Autor Wiadomość
Rosemary
PostWysłany: Pon 16:31, 05 Lis 2007    Temat postu:

spoko w oko
nie popędzam (;
samantha
PostWysłany: Pon 16:21, 05 Lis 2007    Temat postu:

to wiem, ale szukam odpowiedniego ryjka wpierw ;2
Rosemary
PostWysłany: Pon 16:14, 05 Lis 2007    Temat postu:

no to ja Ci jeszcze przypomnę dziewojo,że kolesia trza zrobić (;
samantha
PostWysłany: Pon 0:28, 05 Lis 2007    Temat postu:

i dobrz, bo mnie paluszki rozbolały ;D
Rosemary
PostWysłany: Pon 0:25, 05 Lis 2007    Temat postu:

styknie owszem.
czuj się zaakceptowana i miłeeeeeeeeeeej!
samantha
PostWysłany: Pon 0:19, 05 Lis 2007    Temat postu: samantha stone.
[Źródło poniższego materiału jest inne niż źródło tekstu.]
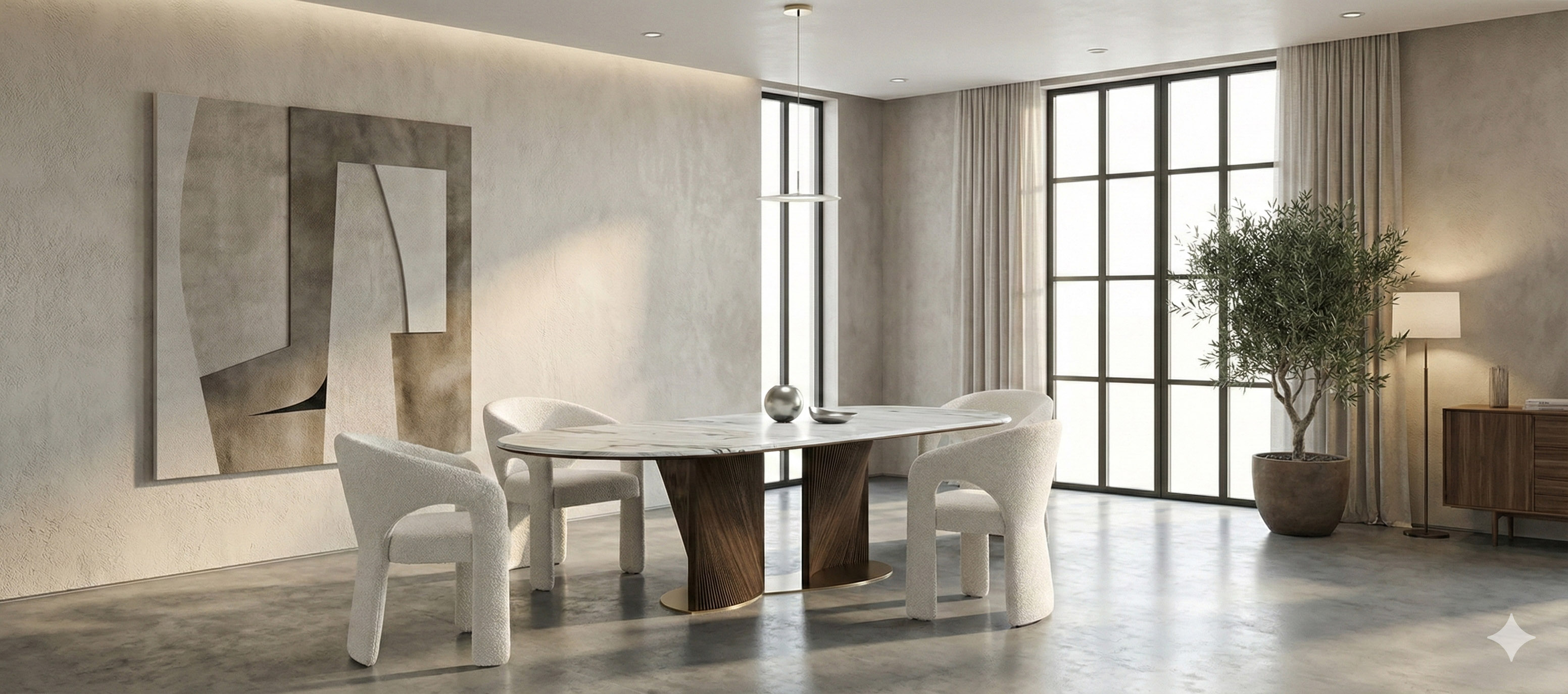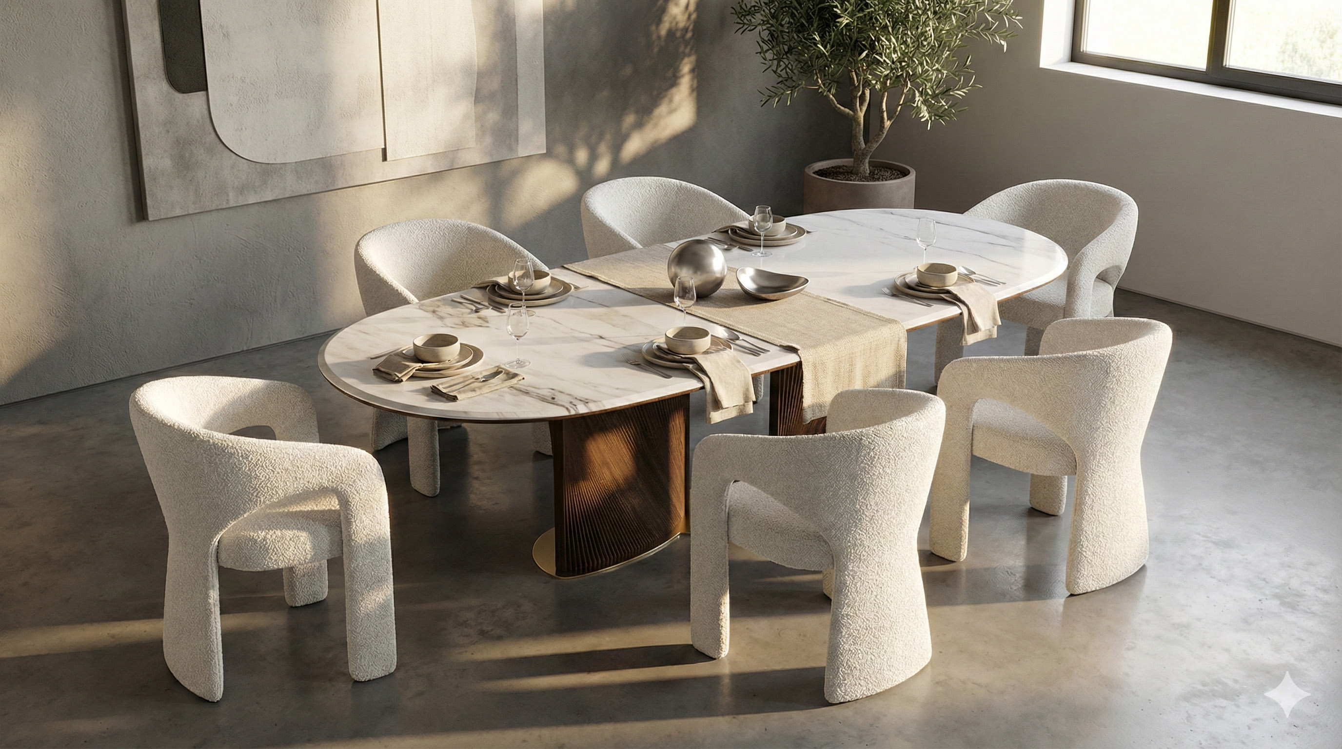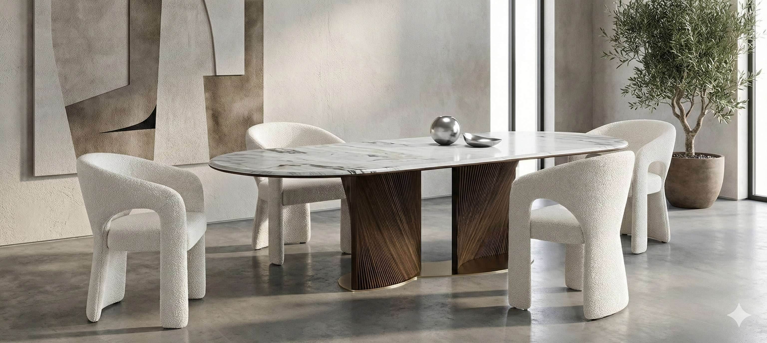 طقم طعام ستاردست هو مجموعة فاخرة تجمع بين الأناقة الطبيعية والرقي العصري. تتميز الطاولة بسطح رخامي طبيعي مصقول من ستاردست يبرز عمق العروق الحجرية وجمالها، وترتكز على أرجل قاعدة من خشب الدردار الصلب بتشطيب بني فاتح يضفي دفئاً ومتانة هيكلية. تعزز القاعدة المعدنية السفلية بتشطيب فضي مصقول الثبات مع لمسة حديثة أنيقة. وتكتمل المجموعة بكراسٍ مُنجدة بالكامل بقماش كريمي أبيض مع حشوة إسفنجية عالية الكثافة توفر راحة استثنائية، بينما تضيف القاعدة المعدنية بتشطيب نحاسي مصقول لمسة فخامة ومتانة متناغمة، لتقدم تجربة طعام راقية ومتكاملة.

imię i nazwisko tej dziewczyny to właśnie to co widzicie w tak zwanym nagłówku, samantha stone znaczy. jeżeli wgłębiać się w szczegóły to owa dziewka nie lubi, gdy zwracać się do niej per sam, bo to kojarzy się jej z całkiem nieprzyjemnym dzieciństwem w domu dziecka [wybaczcie, jeżeli zakrawa to na telenowelę, wybaczcie!] gdy była raczej chłopczycą i wszyscy tak właśnie się do niej zwracali. w każdym razie do dzieciństwa wracać nie chce, nie było najfajniejsze. proste.

samantha urodziła się dnia dajmy na to dwunastegolipcatysiącdziewięćsetdziewiątegoroku, więc lat ma teraz chyba, jeśli dobrze liczę siedemnaście. jest właśnie w drugiej klasie liceum, pochodzi z new hampton.

jeżeli chodzi o wzrost to nie jest jakoś wyjątkowo wysoka ani też do niskich nie należy. ot, zwykła amerykanka, sto siedemdziesiąt centymetrów.

wygląd to jessica stam, blondynka z małym zadartym noskiem. zgrabna i zawsze uśmiechnięta.

ekwipunek macie w podpisiku, da.

co do charakteru jej, to jest całkiem pewna siebie, ale często przy fajnych facetach miękną jej nogi. albo ma jak z waty, chociaż to w sumie to samo. lubi być doceniana, słyszeć komplementy, może to pod wpływem traumy z dzieciństwa, nie zwracajcie za bardzo uwagi na to co ja tu wypisuję, proszę. w każdym razie jej dewizą życiową jest I Need A Hug.

co do związków to był jeden poważny, aczkolwiek właśnie tej powagi samantha się wystraszyła i uciekła. nie dosłownie oczywiście - po prostu zerwała i przeniosła się do nowego jorku właśnie. nie daje dupy byle komu.

styl?. kolorowe spódnice, żółte swetry i zielone legginsy. w zimie płaszcz i botki. w każdym razie zauważysz ją w tłumie.

myślę że nie muszę pisać biografii już?